The human resource management of an organization is responsible for the management of its workers and overseeing their development through working measures. According to Fisher (2008, 1206), managing people is one of the most challenging tasks to accomplish in the healthcare industry. Over time there has been the implementation of some programs that call for the reorganization of healthcare services and the workforce that is responsible for delivering better health services.

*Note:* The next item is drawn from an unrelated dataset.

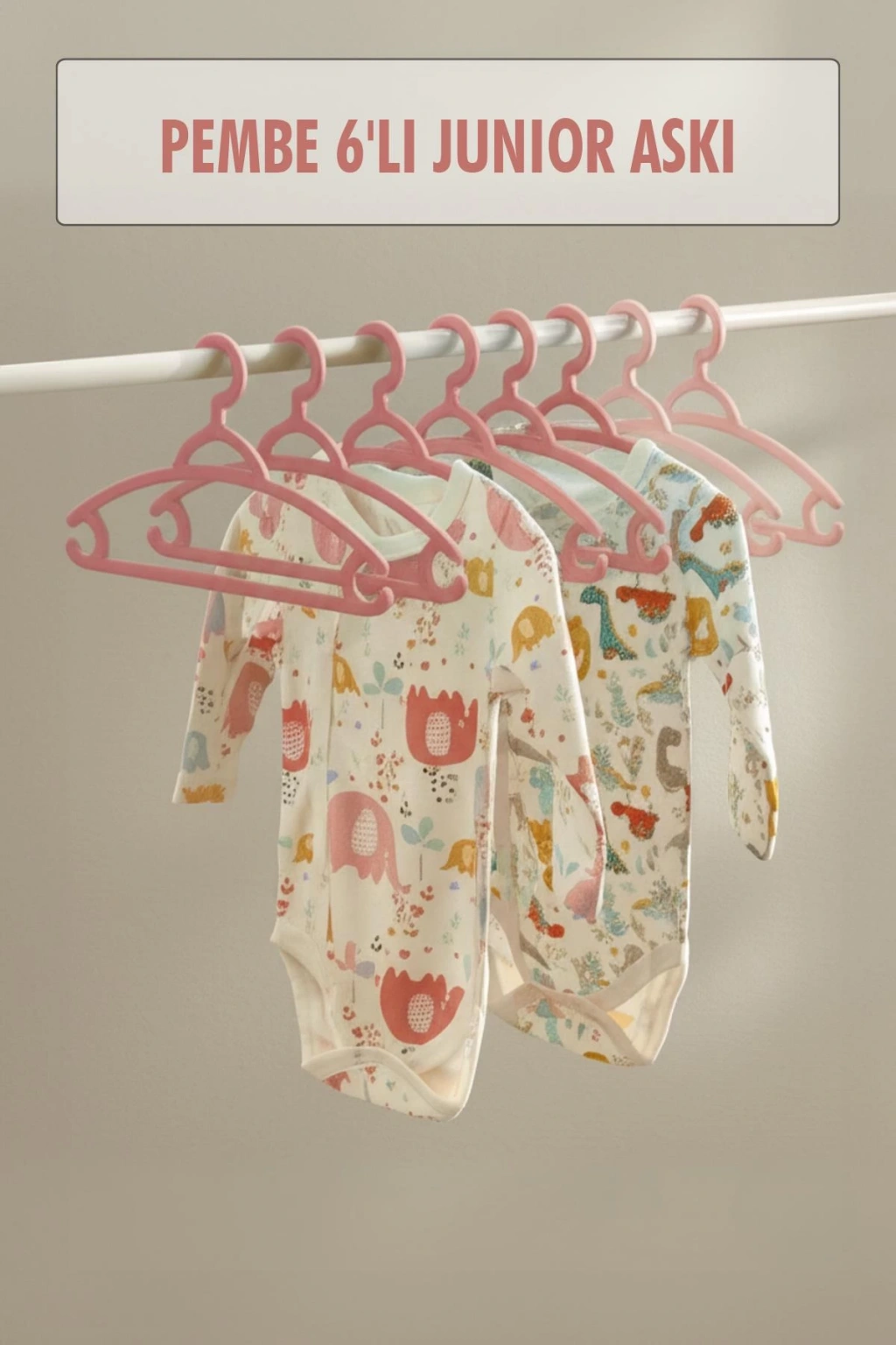Pembe renkli Junior Askı, bebek kıyafetlerinizi düzenlemenize yardımcı olur. Hafif ve sağlam yapısıyla bebek gardıropları için ideal bir çözümdür.

Those involved in healthcare administration are obligated to have some understanding of their organization (Crosson 2009(a), 1324). The senior managers are the ones responsible for the strategic planning when it comes to matters regarding which services should be added or discontinued. The major challenge facing the senior management sector of the health care industry is to effectively increase the changing healthcare delivery to meet the needs of the public population to exactly be equitable and achieve maximum health gain and to offer the service at affordable rates and within the limited national resources (Eibner et al 2009, 579; Benner, Sutphen and Day 2009, 33).

Provision of healthcare is a responsibility overseen by several professions who are involved in the administering of proper public health care but the largest group of these professionals is made up of the nursing personnel. Most countries have healthcare systems composed of mostly nurses who are responsible for providing basic health care and public health interventions. Nursing care provides various entry routes in medical health care practice. Nurses can work in all types of settings and shifts to provide health care services (Foote 2003, 356).

Managers of health care facilities should note that developing a good nursing workforce is essential if they are to achieve the full capacity of the nurses’ capability to care for their patients. These days the demand for better services is very high. The public is expecting higher quality service response from the health service sector and its professional workforce is expected to rise as consumers are being engaged more fully in the determining the shape and scope of local health care provision (HRSA 2006, 25; Schuler & Jackson 1999, 56; Goldsmith 2009). Presently, healthcare industry leaders are becoming aware of the fact that an increase in service demand aspects of health care is related to health care outcomes. Good health attention should be the main concern in each government’s national budget as it is an essential facet in ensuring the good health of the public.

Good health service provision involves a range of strategies to effectively arbitrate and improve the care given to all the needing patients. An assessment to evaluate the capacity of the registered nurses’ workforce supporting health reforms is necessary for various reasons. Quite programs related to health reform legislation rely on interventions that fall squarely within the scope of practice of RNs (Goldfarb, Goldfarb and Long 2008, 197).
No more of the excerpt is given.